GRAPH 2. TOTAL NITROGEN BASED FERTILISERS APPLIED, by ANZSIC class, 2015-16
Lime and dolomite are the most commonly used soil enhancers and are used to ameliorate soil acidity, improve soil structure, and improve plant growth (Graph 3).
GRAPH 3. SOIL ENHANCERS APPLIED, selected enhancers, Australia, 2011-12 to 2015-16
The use of fertilisers became a significant topic of interest in 2009 with the emergence of the Carbon Farming Initiative (CFI) and also the National Greenhouse Gas Inventory. While flows to the atmosphere are not captured in this account, the GHG physical flow accounts presents data on carbon dioxide equivalent emissions from agricultural activities including use of fertilisers and liming. Lime and dolomite use in soils leads to carbon dioxide emissions as carbonate reacts with acid in the soils to produce bicarbonate and eventually leading to the production of CO2 and water. While increased use of lime can increase carbon dioxide emissions, there is evidence to suggest increasing soil pH via liming can decrease nitrous oxide fluxes from sandy, acidic soils following summer rainfall (footnote 1).
GRAPH 4. APPLICATION OF LIME AND DOLOMITE AND EMISSIONS FROM LIMING, Australia, 2011-12 to 2014-15
Urea can provide an essential source of soil nitrogen and similarly to lime and dolomite, forms a bicarbonate which eventually leads to the production of carbon dioxide and water. Graph 5 shows greenhouse gas emissions from the application of urea and application from 2011-12 to 2014-15.
GRAPH 5. UREA APPLICATION AND GHG EMISSIONS FROM THE APPLICATION, 2011-12 to 2014-15, Australia
Data on pesticides are not readily available, however Table 23 from the Downloads tab presents an empty shell table of the information that would be required and presented in this account.
MEASUREMENT GAPS AND OPPORTUNITIES
The ABS has collected fertiliser and agricultural land management practices data though the Land Management Practices Survey (LaMPS) and the Rural Environment and Agricultural Commodities Survey (REACS) since 2011. The LaMPS fertiliser data is more comprehensive than that of the REACS data. However, the LaMPS occurs biennially, so detailed data is not available for every collection cycle. Additionally, the scope for LaMPS changed after the 2014-15 collection cycle. Previously, agricultural businesses with an Estimated Value of Agricultural Operation (EVAO) of at least $5,000 were selected, but from 2014-15, businesses required an EVAO of $40,000 or more to be in scope. Therefore while data is available for all cycles from 2011, direct comparison of fertiliser data over this full time period is problematic.

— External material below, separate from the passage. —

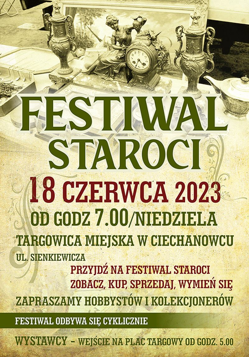W niedzielę, 18 czerwca na Targowisku Miejskim w Ciechanowcu odbędzie się kolejny Festiwal Staroci - wydarzenie adresowane do wszystkich hobbystów, kolekcjonerów, pasjonatów staroci i przedmiotów z duszą.

The physical flows account calls for a disaggregation of fertilisers applied by specific commodity (e.g. wheat, sugar, maize). In Australia the ABS classifies businesses by their main agricultural activity based on the Australian and New Zealand Standard Industrial Classification (ANZSIC) classes. This groups many similar crops together - for example Class 0149 Other Grain Growing includes but is not limited to wheat, maize, field pea and bean, and other cereal grain growing. Some crops, such as rice and sugar cane, have their own class. Specific commodity based data is available for rice and sugar cane, while other commodities are more broadly grouped. Further work will be undertaken to consider how to most effectively group these commodities.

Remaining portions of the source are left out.